I felt a part of the lives of these detectives; I knew all their slang:  flash the tin, FMU (first man up), shield instead of badge, large instead of thousand.  I appreciated all the expressions in Yiddish or Spanish.  These detectives were closer and realer to me than many people in my placid life.  I felt McBain was writing directly to me, all those little inside jokes about his other existence as Evan Hunter, they were put there for insiders like me.  I loved all the graphics embedded in the text:  the D.D. reports with their typos, the newspaper clippings, the Xeroxes sent by the Deaf Man.

And how the world changed over the course of those 54 novels.  The starting salary for a patrolman at the time of COP HATER was $3,725.  By the time of the New Millennium 87th Precinct novels, Eileen Burke, Detective/Third was making nearly 56 large ($55,936).  Typewriters never were replaced by computers, but carbon paper was replaced by photocopying.  Air conditioning eventually was introduced but somehow always seemed
not to be working in the cop cars or the squad room.
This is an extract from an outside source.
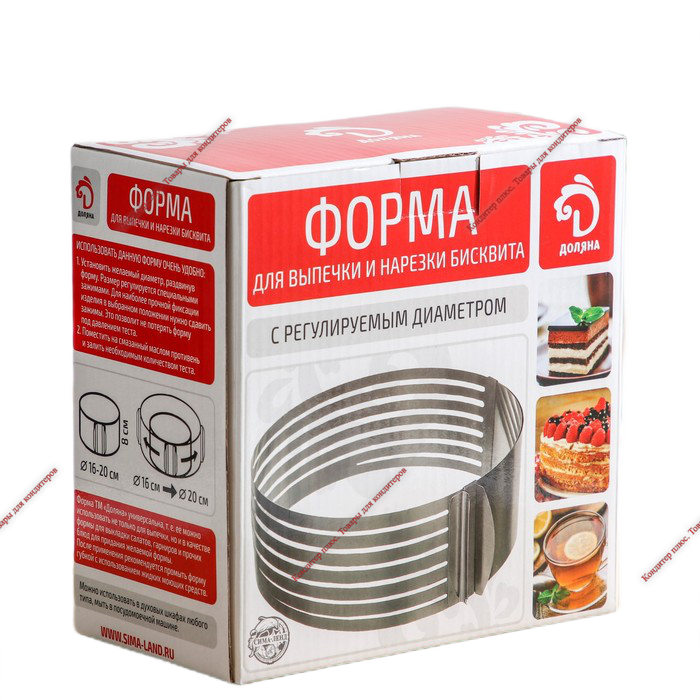 Специальная конструкция позволит вам раздвинуть форму и создавать коржи диаметром от 16 до 20 см.

I want to believe these detectives are still out there somewhere, rotating their shifts, drinking Miscolo's horrible coffee, complaining about Fat Ollie, supporting each other, telling terrible jokes, solving crimes, protecting the city.



From Wikipedia:  Isola is a section of a fictional city that is the setting for the 87th Precinct series of police procedural novels written by Ed McBain.  The city is based on New York City, and similarly, has five sections, corresponding with the five boroughs of New York: Isola (Manhattan), Bethtown (Staten Island), Calm's Point (Brooklyn), Majesta (Queens), and Riverhead (Bronx). It has two major rivers, the Harb and the Dix, which inexplicably flow in a westerly direction despite the fact that Isola is on the East Coast.